AI Won't Save Us From Bad Decisions – Everyone's rushing to implement AI content tools to produce more faster, but it creates a new problem. The bottleneck isn't production—it's deciding what deserves to exist in the first place.
The LinkedIn Rebellion Has Begun – LinkedIn’s algorithm is rewarding people who ditch the corporate speak and just show up as humans. Nick Power at Noun Project is the perfect example. He's crushing it with absurd, funny, and awkward posts that are grabbing engagement in a way that corporate posts can't touch. He’s carving a new path while most other marketers are stuck debating whether em dashes originate with AI.
Try This
Next time your team debates competing content priorities, try this simple but powerful scoring model.
The Content Value Scoring Model
Step 1: Create Your Scoring Matrix
Draw a three-column table on a whiteboard (or in your digital workspace) with rows for each content idea. Label the columns:
Column 1: Audience Value (Score 1-5)
1 = Tangentially related to audience interests
3 = Addresses known secondary concerns
5 = Directly solves a top-priority challenge verified through research
Score each content idea based on:
Does it address a verified customer need?
Is it unique compared to what's already available?
Is it timely and relevant right now?
Column 2: Business Utility (Score 1-5)
1 = Indirectly supports broader business goals
3 = Clearly aligns with a secondary business objective
5 = Directly advances top organizational priorities
Score each content idea based on:
How directly does it support top strategic priorities?
How many teams or functions can effectively use it?
Does it fill a critical gap in your content ecosystem?
Column 3: Impact Potential (Multiplier 1-3x)
1x = Primarily serves one function with limited longevity
2x = Serves multiple functions OR has direct revenue impact
3x = Serves multiple functions AND has direct revenue impact
Score each content idea based on:
How many departments or teams can effectively leverage this content?
How directly will it influence revenue/pipeline metrics?
What's its expected useful life?
Step 2: Calculate the Content Value Score
Now calculate the Content Value score for each idea using this formula: (Audience Value + Business Utility) × Impact Potential
This gives you a maximum score of 30 points [(5+5)×3] and a minimum of 2 points [(1+1)×1].

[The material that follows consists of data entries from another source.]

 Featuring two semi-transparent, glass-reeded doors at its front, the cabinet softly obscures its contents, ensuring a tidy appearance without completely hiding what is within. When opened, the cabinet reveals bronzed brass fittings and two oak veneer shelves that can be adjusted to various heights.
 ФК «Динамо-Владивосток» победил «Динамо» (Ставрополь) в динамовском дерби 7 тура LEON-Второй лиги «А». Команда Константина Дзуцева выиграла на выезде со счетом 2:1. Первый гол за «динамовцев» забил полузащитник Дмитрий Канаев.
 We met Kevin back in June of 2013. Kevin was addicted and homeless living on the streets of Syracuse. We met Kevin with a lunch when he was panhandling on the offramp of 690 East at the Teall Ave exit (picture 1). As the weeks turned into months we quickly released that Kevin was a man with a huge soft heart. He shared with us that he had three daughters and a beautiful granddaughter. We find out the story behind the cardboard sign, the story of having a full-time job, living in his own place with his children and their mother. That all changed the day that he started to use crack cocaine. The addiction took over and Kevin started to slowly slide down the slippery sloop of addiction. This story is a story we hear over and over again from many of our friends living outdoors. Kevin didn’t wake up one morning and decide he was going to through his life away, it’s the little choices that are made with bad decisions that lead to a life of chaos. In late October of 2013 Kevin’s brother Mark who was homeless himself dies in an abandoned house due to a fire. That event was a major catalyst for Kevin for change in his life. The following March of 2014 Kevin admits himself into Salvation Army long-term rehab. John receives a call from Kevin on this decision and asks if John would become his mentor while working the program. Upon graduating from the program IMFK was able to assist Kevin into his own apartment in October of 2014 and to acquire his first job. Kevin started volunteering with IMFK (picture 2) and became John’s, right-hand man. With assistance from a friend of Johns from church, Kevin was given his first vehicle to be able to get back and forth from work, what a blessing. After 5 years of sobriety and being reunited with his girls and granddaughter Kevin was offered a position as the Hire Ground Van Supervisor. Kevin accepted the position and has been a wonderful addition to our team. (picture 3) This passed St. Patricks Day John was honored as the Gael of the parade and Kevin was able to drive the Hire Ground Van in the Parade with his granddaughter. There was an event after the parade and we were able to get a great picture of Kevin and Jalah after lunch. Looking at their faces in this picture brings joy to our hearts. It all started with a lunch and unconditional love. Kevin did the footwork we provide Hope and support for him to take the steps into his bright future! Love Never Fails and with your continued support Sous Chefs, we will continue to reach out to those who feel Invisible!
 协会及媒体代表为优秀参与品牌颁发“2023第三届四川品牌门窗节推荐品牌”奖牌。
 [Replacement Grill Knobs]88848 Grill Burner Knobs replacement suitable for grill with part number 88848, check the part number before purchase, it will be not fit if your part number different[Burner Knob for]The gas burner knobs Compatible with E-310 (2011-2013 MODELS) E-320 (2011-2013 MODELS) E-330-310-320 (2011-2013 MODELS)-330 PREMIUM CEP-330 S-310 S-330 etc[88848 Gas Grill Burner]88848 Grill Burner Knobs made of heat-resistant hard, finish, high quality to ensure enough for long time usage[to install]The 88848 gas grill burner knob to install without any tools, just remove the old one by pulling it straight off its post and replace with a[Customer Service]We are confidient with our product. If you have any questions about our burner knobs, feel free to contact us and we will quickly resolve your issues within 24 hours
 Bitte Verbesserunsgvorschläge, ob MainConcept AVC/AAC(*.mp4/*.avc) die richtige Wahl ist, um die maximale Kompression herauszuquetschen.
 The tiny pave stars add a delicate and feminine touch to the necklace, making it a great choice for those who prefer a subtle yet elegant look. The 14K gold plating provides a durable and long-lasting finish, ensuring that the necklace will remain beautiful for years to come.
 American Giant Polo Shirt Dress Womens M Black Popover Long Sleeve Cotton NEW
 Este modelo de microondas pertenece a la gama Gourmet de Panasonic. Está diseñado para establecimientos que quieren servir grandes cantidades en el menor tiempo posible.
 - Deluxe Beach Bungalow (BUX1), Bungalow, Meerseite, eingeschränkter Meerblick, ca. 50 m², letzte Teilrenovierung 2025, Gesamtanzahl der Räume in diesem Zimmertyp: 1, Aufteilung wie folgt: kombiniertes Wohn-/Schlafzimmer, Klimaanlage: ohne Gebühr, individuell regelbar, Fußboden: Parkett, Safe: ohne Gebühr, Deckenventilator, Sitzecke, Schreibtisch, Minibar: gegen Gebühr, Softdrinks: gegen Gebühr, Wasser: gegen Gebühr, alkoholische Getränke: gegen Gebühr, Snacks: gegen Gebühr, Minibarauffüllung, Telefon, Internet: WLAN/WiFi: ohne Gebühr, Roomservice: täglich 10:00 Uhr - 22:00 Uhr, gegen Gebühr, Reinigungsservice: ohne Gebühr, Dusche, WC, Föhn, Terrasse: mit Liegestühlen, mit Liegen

Step 3: Prioritize Based on the Score
Use this scoring guide to make better prioritization decisions:
25-30: Must-Create Immediately. These rare, high-value assets should be fast-tracked. They're your strategic cornerstones that will drive disproportionate returns. Allocate your best resources here.
18-24: High Priority. Schedule in your next content cycle. These are valuable assets that should be in your near-term roadmap.
12-17: Medium Priority. Add to your upcoming quarter's plan if resources allow. These are solid ideas worth pursuing when bandwidth permits.
6-11: Low Priority. Keep on your radar but place in your backlog. Only move forward if higher-value content is complete or if a specific tactical need emerges.
2-5: Reconsider or Revise. These ideas likely won't deliver meaningful returns. Either significantly rethink the concept or redirect those resources elsewhere.
The beauty of this framework is how it moves discussions from "I think this is important" to "Here's exactly why this deserves our time."
Try it with your last three content requests. I bet you'll find that at least one of them wouldn't have made the cut if you'd used this framework.
Napkin Notes
“The content we regret is rarely the content we decided not to create.” I wrote this down after killing a project that would have consumed three months of work for questionable returns.
Decision debt compounds just like technical debt. Every arbitrary content decision creates a precedent that makes the next arbitrary decision more likely. Break the cycle.
The quality of your content is directly proportional to the quality of questions asked during planning. Teams that normalize uncomfortable questions will outperform those that prioritize consensus and harmony.